> _EXERCISE_
When the listing below reaches the line that has "В пакете приблизительно", start reproducing exactly; stop after the line that has "10 years. I", and drop the pictures.

> _PROVIDED DATA_
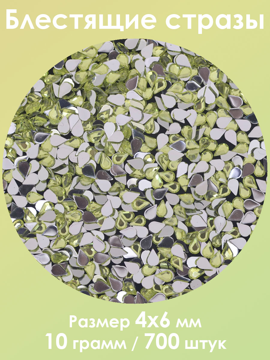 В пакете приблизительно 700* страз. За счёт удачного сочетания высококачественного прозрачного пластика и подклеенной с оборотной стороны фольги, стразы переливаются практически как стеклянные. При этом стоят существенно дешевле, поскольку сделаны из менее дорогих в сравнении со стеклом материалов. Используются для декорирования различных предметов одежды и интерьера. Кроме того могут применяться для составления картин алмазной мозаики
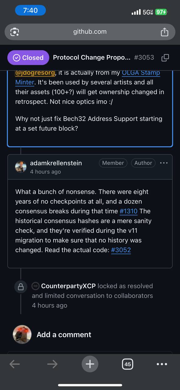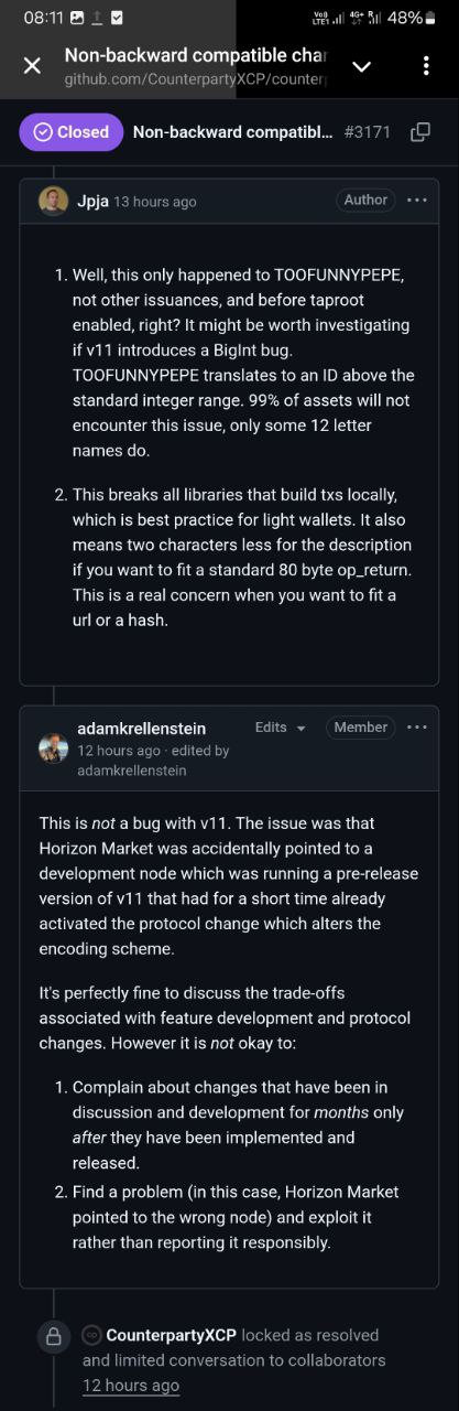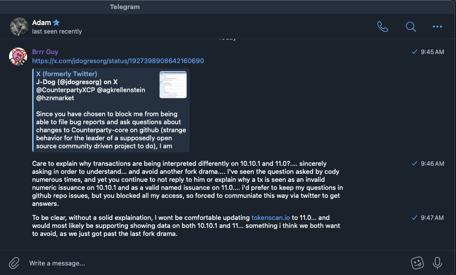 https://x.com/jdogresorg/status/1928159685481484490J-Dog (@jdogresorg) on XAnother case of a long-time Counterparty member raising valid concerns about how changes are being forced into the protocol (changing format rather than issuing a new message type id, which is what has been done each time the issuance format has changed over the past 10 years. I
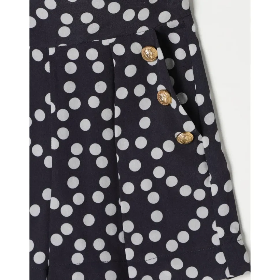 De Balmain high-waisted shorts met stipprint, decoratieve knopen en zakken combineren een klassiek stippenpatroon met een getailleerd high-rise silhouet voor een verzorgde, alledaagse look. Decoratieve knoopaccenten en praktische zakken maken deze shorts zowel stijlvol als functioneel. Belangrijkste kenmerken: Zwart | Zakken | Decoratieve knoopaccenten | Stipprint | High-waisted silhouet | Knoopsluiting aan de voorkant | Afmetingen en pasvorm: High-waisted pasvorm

==

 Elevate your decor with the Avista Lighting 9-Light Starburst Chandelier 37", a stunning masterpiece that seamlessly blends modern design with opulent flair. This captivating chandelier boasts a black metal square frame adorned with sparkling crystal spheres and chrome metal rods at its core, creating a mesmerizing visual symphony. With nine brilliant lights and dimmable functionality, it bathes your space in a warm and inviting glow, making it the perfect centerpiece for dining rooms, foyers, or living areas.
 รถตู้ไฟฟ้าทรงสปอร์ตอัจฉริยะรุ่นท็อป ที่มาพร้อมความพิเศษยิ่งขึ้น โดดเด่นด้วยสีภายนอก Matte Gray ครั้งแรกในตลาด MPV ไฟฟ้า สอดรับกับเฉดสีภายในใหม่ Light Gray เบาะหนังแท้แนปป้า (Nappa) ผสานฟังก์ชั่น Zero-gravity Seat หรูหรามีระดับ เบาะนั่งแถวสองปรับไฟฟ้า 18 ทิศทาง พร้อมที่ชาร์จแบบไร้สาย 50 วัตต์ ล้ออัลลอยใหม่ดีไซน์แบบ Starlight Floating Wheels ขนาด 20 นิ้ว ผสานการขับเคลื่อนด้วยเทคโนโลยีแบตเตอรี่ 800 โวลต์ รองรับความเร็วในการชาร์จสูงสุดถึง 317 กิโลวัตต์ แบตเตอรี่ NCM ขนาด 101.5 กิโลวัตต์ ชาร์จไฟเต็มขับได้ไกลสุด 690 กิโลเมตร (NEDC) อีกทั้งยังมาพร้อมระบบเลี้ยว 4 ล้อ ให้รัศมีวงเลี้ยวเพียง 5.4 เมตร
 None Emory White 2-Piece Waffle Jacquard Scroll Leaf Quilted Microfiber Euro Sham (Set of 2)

> _RESULT BELOW_
 В пакете приблизительно 700* страз. За счёт удачного сочетания высококачественного прозрачного пластика и подклеенной с оборотной стороны фольги, стразы переливаются практически как стеклянные. При этом стоят существенно дешевле, поскольку сделаны из менее дорогих в сравнении со стеклом материалов. Используются для декорирования различных предметов одежды и интерьера. Кроме того могут применяться для составления картин алмазной мозаики
 https://x.com/jdogresorg/status/1928159685481484490J-Dog (@jdogresorg) on XAnother case of a long-time Counterparty member raising valid concerns about how changes are being forced into the protocol (changing format rather than issuing a new message type id, which is what has been done each time the issuance format has changed over the past 10 years. I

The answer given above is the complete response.